***** Given records
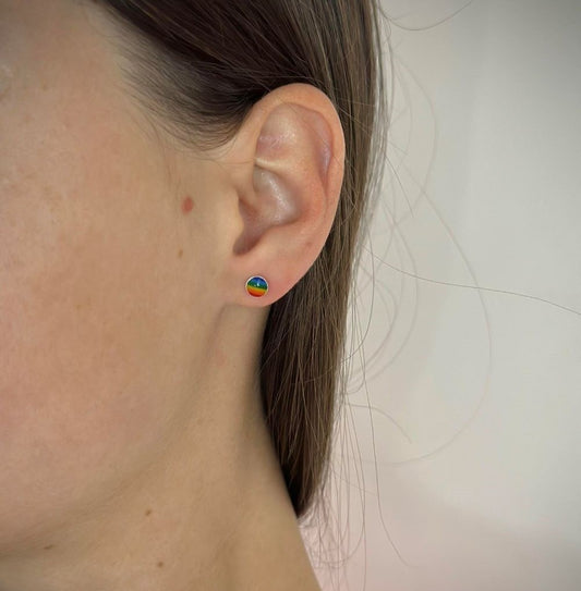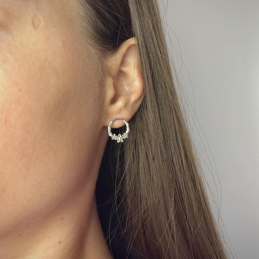 IšparduotaSidabriniai apvalūs auskarai su gėlytėmis
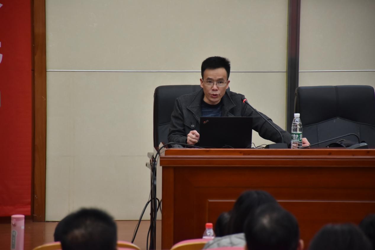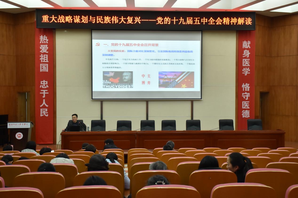 为深入学习宣传贯彻习近平新时代中国特色社会主义思想,全面准确把握十九届五中全会精神,2020年12月10日下午,我院在仁医楼学术报告厅举行全体教职员工政治学习,邀请校党委讲师团陈德祥教授进行题为《重大战略谋划与民族伟大复兴——党的十九届五中全会精神解读》的报告,党委书记鄢朝晖主持报告会。
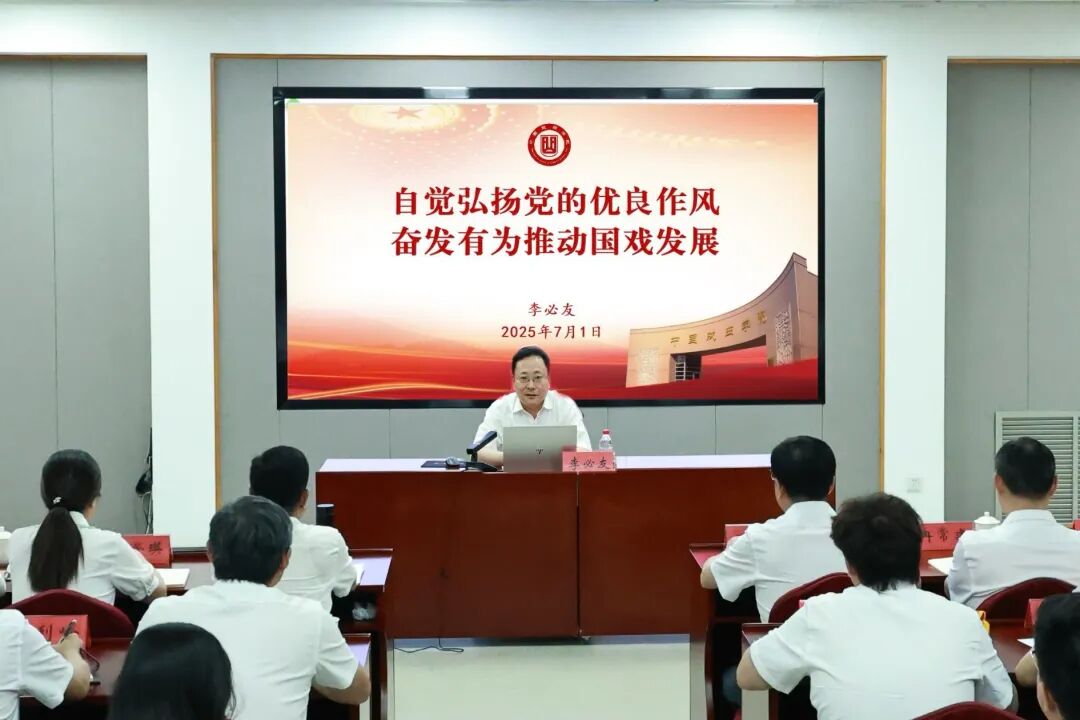 中国戏曲学院排练厅内,《红灯记》的排练现场师生皆聚一堂。京昆系党总支文牍王媛以剧中李玉和猛火金刚的党员形象为切入点,带来一堂廉正主题党课。王媛将红灯精神比作艺术传承的明灯,示意“红灯是咱们的传家宝,让红灯长久照射咱们前行”,强调唱好《红灯记》先重点亮心中的“红灯”,演员师生在唱念作念打中既要打磨本领,更要淬真金不怕火艺德。
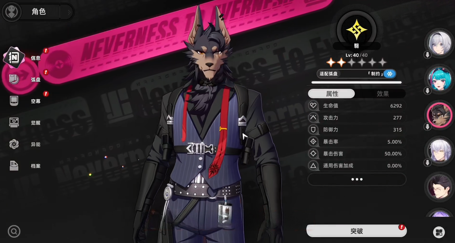 异环狼的真实名字是翳,他是意向管理局禁置机动队的副队长,有着狼首人身的独特外形。他平时穿着深蓝色的修身西装,战斗时会戴上狼头面具,整体风格沉稳又充满野性,辨识度非常高。他定位为近战突袭型输出,兼顾探索与战斗,是综合能力很强的核心角色。
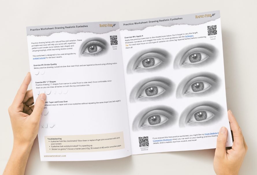Once you’ve got your worksheets, print them and head back to the tutorial to see how to put these tips into practice and get step-by-step guidance on drawing realistic lashes: [Go to Eyelash Tutorial]
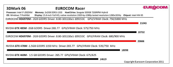 Eurocom hat in seiner Mitteilung auch die Benchmarks für die getesteten Grafikkarten veröffentlicht:
**********
What this task involves ▸ Reproduce exactly and only the lines from the one with "为深入学习宣传贯彻习近平新时" through the last entry, both included, excluding every picture.

Answer to this task ▸
 为深入学习宣传贯彻习近平新时代中国特色社会主义思想,全面准确把握十九届五中全会精神,2020年12月10日下午,我院在仁医楼学术报告厅举行全体教职员工政治学习,邀请校党委讲师团陈德祥教授进行题为《重大战略谋划与民族伟大复兴——党的十九届五中全会精神解读》的报告,党委书记鄢朝晖主持报告会。
 中国戏曲学院排练厅内,《红灯记》的排练现场师生皆聚一堂。京昆系党总支文牍王媛以剧中李玉和猛火金刚的党员形象为切入点,带来一堂廉正主题党课。王媛将红灯精神比作艺术传承的明灯,示意“红灯是咱们的传家宝,让红灯长久照射咱们前行”,强调唱好《红灯记》先重点亮心中的“红灯”,演员师生在唱念作念打中既要打磨本领,更要淬真金不怕火艺德。
 异环狼的真实名字是翳,他是意向管理局禁置机动队的副队长,有着狼首人身的独特外形。他平时穿着深蓝色的修身西装,战斗时会戴上狼头面具,整体风格沉稳又充满野性,辨识度非常高。他定位为近战突袭型输出,兼顾探索与战斗,是综合能力很强的核心角色。
Once you’ve got your worksheets, print them and head back to the tutorial to see how to put these tips into practice and get step-by-step guidance on drawing realistic lashes: [Go to Eyelash Tutorial]
 Eurocom hat in seiner Mitteilung auch die Benchmarks für die getesteten Grafikkarten veröffentlicht:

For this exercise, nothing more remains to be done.